Snapper has also introduced "Hot Listing" for cards so that someone who loses their Snapper can have it cancelled and the balance transferred to a new card. Customers are making good use of this service, with over 80 cards hotlisted in the last month.


NZ Bus

4,413,612 trips were provided in April. In absolute terms almost 600,000 less than in April 2008, but the previous year included a contribution of over 360,000 from Fullers which was sold in early April and when the two comparison months are adjusted for working days (23 last year, 20 this year) patronage actually rose about 2.5%.

Good growth continues to be achieved in Auckland and the Hutt, while Wellington remains flat, and is the focus of management.

As is the norm for public transport, the regulatory regime remains under development with the Minister of Transport announcing a review of the Public Transport Management Act and ongoing reviews of procurement regimes in both Auckland and Wellington.

An optimal public transport regulatory regime would incentivise operators to efficiently deliver popular services while ensuring that regional transport agencies can direct services to meet network and transport efficiency objectives at the least cost to rate and tax payers.

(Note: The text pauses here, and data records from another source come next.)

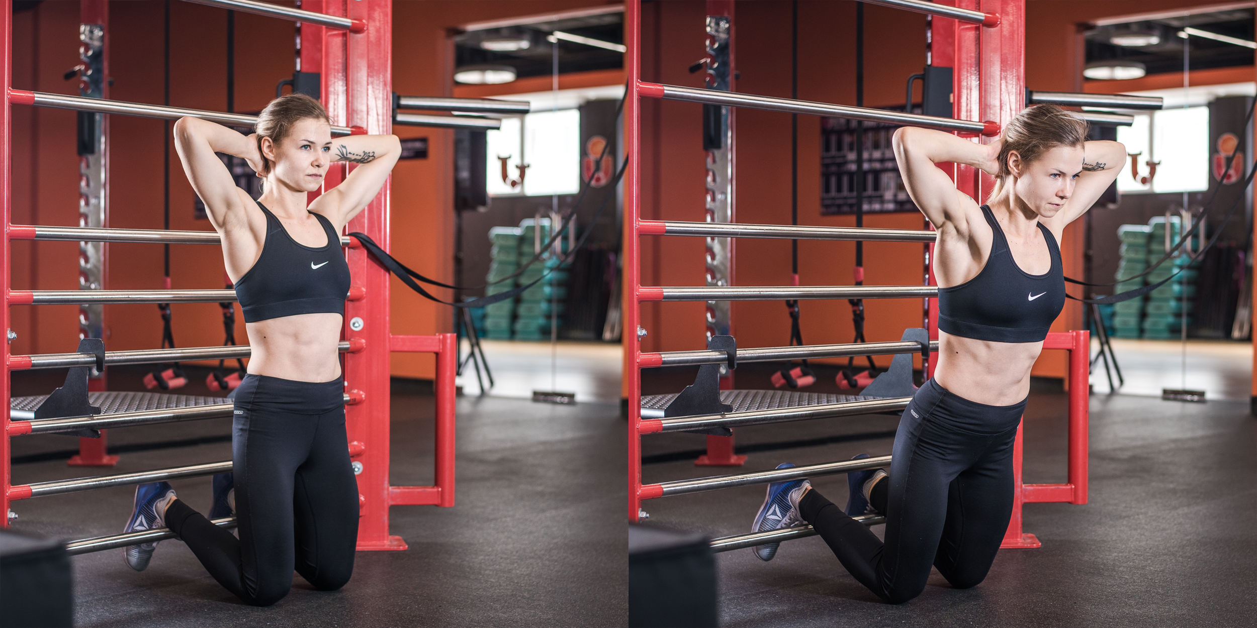 Подстелите коврик, чтобы не больно было стоять коленями на полу, зафиксируйте ноги, вытяните корпус и бёдра в одну линию. Наклоняйтесь вперёд, пока получается сохранить прямое положение корпуса и не сгибаться в тазобедренных суставах. Поднимитесь обратно и повторите.
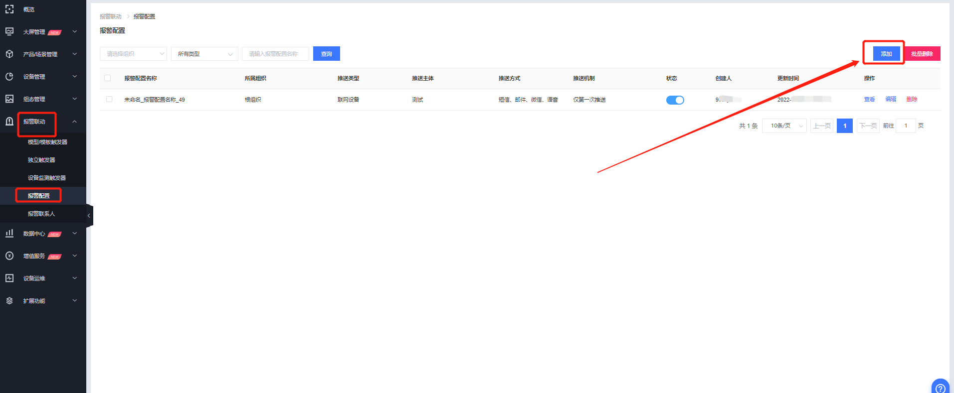 1、在平台“报警联动”--“报警配置”功能中点击添加,添加一个报警通知
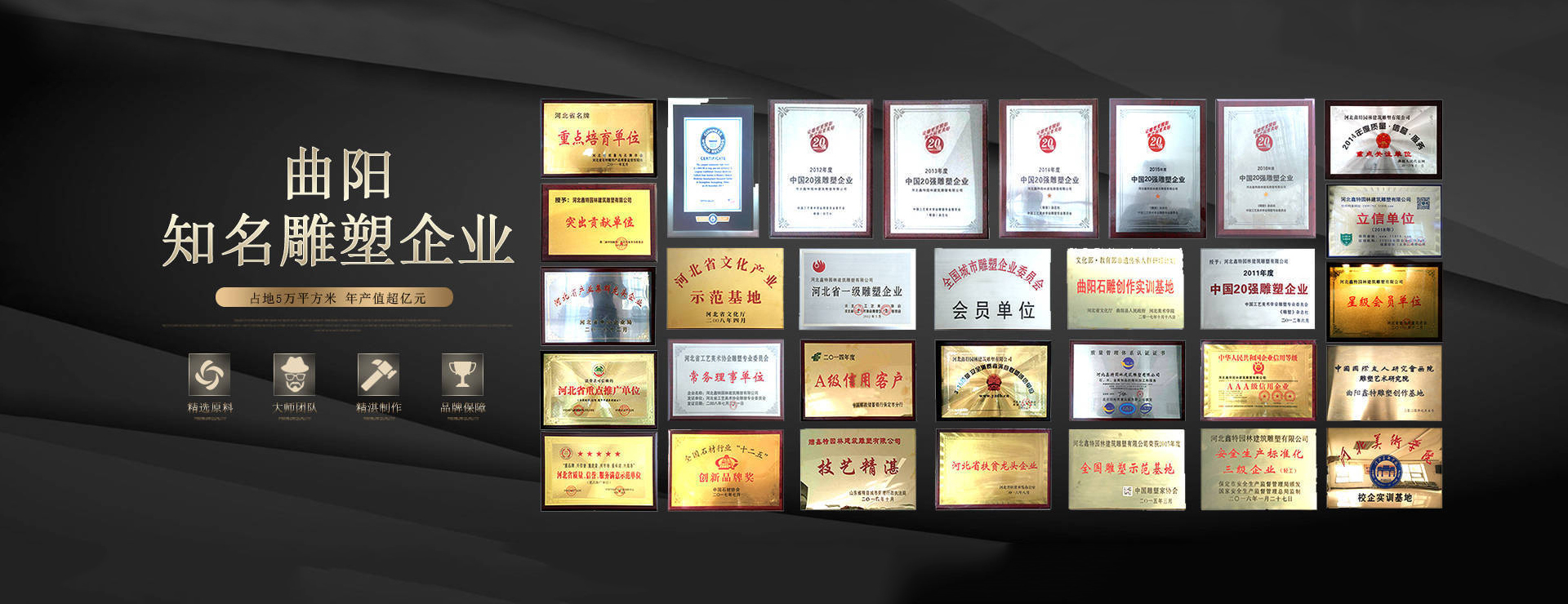 河北鑫特園林建筑雕塑有限公司成立于2002年,是中國(guó)雕刻之鄉(xiāng)——曲陽(yáng)縣的一家實(shí)力雄厚的大型雕塑公司,公司占地面積50000+平方米,年產(chǎn)值超過(guò)億元,具有雕塑總承包一級(jí)資質(zhì)、古建筑三級(jí)資質(zhì)、市政公用工程施工總承包三級(jí)資質(zhì)。

The current regime is not "win:win" and building a genuine partnership model has proven to be difficult.

The new Government has made it clear that only initiatives jointly promoted by transport agencies and operators which can achieve an economic benefit cost efficiently will garner support.

Northern passenger trips April 12 months to 30 April
2008 2,938,252 32,806,454
2009 2,821,735 35,433,522
Change -4.0% 8.0%
Southern passenger trips April 12 months to 30 April
2008 1,699,793 19,996,095
2009 1,591,877 19,880,808
Change -6.3%

Wellington Airport (Operational Figures)

In April, 386,000 domestic passengers used Wellington Airport, 9% less than in April 2008. However April 2009 was still 11% higher than the numbers recorded in April 2007. Over the January-March quarter 10% fewer domestic passengers used Wellington than the same period in 2008. This period of soft activity reflects the uncertain economy, the run-off of Pacific Blue's market-entry stimulation which boosted the earlier period, and reduction of Qantas services.

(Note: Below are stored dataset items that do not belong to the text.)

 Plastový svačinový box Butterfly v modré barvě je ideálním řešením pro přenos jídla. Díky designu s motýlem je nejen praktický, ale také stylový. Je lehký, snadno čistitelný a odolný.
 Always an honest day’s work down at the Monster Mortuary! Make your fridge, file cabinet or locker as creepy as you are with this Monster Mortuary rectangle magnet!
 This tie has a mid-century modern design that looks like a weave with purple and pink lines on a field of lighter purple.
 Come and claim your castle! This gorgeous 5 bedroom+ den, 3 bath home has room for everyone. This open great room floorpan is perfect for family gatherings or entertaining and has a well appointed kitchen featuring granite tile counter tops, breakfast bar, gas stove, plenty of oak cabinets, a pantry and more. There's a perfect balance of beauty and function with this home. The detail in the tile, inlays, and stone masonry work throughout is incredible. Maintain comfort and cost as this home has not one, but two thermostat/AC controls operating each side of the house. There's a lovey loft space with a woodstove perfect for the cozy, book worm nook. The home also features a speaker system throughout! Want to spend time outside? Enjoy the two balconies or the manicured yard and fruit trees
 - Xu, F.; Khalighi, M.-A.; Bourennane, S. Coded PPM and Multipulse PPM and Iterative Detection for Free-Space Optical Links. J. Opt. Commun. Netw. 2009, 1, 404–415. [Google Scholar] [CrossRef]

June's commencement of domestic services by Jetstar is expected to generate some additional activity as will the introduction by Pacific Blue of the 104 seat Embraer 190 E-Jet to regional service.

International passengers increased to 55,770, 14.8% higher than April 2008. Capacity has been substantially increased to Brisbane (up 36.8% relative to April 2008) and Melbourne (+17.5%) while Sydney services also experienced an increase in passengers notwithstanding no material change in capacity.

Wellington Airport released its 2030 draft Master Plan setting out the Airport's development vision for the period and indicated the works that will be required to accommodate 10.5 million passengers a year, which is the level forecast for 2030. The cost of the infrastructure build is approximately $450 million which implies a similar rate spend to the last decade. Most of this expansion relates to more people travelling within the region, but some long haul is also anticipated.

The draft 2030 Master Plan is available on the airport website and feedback will be accepted until 30 August 2009.

Infratil Airports Europe

Glasgow Prestwick (Operational Figures) handled 160,419 passengers in April down 19% on April 2008 following on from the January-March quarter which was 12% down on the same period in 2008. On a rolling twelve months basis Glasgow Prestwick hosted 2,274,442 passengers down 6% on the previous 12 month total. Glasgow Prestwick handled 1,216 tonnes of freight during April, 58% below April 2008.

Kent International Airport freight volumes in April were 2,006 tonnes, 34% less than a prior year.

Lübeck Airport had an excellent start to the financial year with passengers 55% up on April 2008 due mainly to a new daily Palma service which has drawn travellers from the main Hamburg core catchment. Loads on other routes were also up on the prior year perhaps suggesting a regional trend towards low cost services.